Altra caratteristica degli occhi, oltre alla bellezza e alla espressività, è anche la loro unicità: possono essere usati come canale identificativo, perché, proprio come le impronte digitali, sono singolari al mondo. Il successo cinematografico “I Origins” di Mike Cahill con Michael Pitt si basa proprio su questo aspetto, ennesima testimonianza della quantità e varietà di informazioni che vengono veicolate dagli occhi. 

Parlando in termini informatici potremmo affermare che essi siano portatori di input e di output tramite diverse modalità. 

Con molta probabilità non ci siamo neanche accorti di quanto possa essere elastico il nostro sistema comunicativo.

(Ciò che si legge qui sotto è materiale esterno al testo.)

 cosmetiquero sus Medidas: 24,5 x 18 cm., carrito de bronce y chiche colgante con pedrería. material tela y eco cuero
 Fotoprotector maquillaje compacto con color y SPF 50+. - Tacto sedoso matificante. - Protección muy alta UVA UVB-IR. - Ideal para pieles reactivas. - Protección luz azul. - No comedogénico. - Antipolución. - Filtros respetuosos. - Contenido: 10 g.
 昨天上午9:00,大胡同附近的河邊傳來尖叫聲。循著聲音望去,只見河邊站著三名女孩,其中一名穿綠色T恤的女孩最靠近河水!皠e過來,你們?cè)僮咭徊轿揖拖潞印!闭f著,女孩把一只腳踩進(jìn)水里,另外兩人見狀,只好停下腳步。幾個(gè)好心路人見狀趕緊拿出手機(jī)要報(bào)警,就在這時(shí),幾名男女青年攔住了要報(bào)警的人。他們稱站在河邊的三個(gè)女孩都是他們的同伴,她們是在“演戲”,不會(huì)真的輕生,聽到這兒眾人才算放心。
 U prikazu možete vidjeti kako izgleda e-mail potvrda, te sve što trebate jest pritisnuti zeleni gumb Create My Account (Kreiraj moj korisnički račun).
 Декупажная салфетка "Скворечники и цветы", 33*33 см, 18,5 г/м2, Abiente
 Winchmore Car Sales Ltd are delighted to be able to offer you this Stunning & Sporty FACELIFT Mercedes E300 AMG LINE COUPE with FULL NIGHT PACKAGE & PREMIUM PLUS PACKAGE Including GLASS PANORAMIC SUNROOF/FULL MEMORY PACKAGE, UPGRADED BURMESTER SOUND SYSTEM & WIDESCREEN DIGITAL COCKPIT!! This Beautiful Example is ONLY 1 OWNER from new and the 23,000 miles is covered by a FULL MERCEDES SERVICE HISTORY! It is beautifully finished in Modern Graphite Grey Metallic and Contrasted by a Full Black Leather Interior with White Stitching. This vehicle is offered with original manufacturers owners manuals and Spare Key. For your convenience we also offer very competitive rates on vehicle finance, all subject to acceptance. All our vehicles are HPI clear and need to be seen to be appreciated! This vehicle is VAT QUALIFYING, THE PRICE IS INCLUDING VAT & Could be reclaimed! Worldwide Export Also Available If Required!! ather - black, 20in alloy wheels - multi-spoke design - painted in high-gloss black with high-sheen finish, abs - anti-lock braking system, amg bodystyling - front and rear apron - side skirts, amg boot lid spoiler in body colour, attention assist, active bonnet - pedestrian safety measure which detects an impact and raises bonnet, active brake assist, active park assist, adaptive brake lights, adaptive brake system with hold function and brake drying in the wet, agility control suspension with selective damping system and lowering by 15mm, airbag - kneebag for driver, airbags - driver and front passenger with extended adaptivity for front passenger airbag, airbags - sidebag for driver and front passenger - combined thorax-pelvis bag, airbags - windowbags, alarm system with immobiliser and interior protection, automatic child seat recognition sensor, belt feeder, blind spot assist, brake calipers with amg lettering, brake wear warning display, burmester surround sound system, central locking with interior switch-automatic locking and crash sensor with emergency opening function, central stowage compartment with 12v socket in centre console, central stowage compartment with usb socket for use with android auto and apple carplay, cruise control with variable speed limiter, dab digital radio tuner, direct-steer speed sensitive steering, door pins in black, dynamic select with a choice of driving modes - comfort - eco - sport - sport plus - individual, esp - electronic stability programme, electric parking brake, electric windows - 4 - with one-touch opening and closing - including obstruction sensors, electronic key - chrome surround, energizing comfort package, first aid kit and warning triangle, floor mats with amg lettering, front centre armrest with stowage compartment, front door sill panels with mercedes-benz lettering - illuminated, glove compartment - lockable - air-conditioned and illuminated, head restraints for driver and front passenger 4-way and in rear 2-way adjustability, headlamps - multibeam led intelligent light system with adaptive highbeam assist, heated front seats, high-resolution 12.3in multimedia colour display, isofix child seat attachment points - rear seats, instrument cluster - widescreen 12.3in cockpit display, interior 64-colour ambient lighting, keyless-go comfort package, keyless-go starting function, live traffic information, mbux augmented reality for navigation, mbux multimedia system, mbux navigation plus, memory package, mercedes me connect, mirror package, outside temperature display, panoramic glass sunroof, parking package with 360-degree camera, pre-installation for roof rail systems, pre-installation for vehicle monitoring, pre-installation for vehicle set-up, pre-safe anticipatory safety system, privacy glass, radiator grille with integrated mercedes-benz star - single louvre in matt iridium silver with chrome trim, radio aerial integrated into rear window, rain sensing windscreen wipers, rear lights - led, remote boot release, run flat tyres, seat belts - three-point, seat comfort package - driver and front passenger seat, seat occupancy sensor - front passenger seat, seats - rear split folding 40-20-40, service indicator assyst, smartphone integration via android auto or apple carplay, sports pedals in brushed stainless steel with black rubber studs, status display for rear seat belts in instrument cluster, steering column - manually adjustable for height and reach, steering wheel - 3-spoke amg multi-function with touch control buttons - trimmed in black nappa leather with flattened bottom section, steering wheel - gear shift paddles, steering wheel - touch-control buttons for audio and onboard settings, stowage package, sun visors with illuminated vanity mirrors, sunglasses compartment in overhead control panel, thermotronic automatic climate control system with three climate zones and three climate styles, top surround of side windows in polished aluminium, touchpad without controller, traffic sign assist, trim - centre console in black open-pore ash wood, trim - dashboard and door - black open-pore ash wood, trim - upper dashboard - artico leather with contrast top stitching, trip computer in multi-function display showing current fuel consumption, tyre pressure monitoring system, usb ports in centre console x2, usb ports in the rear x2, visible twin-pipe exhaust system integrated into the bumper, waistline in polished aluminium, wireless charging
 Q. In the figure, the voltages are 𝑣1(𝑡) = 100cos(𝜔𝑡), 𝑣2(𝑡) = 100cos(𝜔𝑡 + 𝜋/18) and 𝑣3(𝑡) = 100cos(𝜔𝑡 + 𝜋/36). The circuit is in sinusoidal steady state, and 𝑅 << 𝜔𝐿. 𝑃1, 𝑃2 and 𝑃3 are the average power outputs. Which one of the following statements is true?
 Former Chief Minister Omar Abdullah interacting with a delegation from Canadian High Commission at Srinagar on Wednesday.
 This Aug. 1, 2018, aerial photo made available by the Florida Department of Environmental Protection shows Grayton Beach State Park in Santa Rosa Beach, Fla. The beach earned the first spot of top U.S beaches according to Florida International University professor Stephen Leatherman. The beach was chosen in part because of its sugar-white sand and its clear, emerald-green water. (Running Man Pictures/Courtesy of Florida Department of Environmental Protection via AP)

Tornando al focus sul discorso pandemico vi è un appello da richiamare a favore di chi non può che sentire solo con gli occhi. L’utilizzo dei dispositivi di protezione ha aumentato la discriminazione nei confronti delle persone sorde e ce lo spiega quotidianamente l’attivista Chiara Bucello sul suo profilo Instagram. Se incontriamo una persona sorda non serve a nulla ripetere urlando, che equivarrebbe ad applicare la stessa tecnica usata per chi non parla l’italiano (e anche in questo caso la metodologia non è delle migliori); ci si deve abbassare leggermente la mascherina e poi ripetere ciò che si stava dicendo. Spesso viene utilizzato un adesivo raffigurante un orecchio e una barra applicato sulla mascherina stessa per poter identificare con chi si debba comunicare tramite questa modalità.

Un noto consiglio consiste in “prima di parlare pensaci due volte”, ma tu adesso presterai più attenzione anche ai comportamenti di chi hai di fronte e, prima ancora, ai tuoi?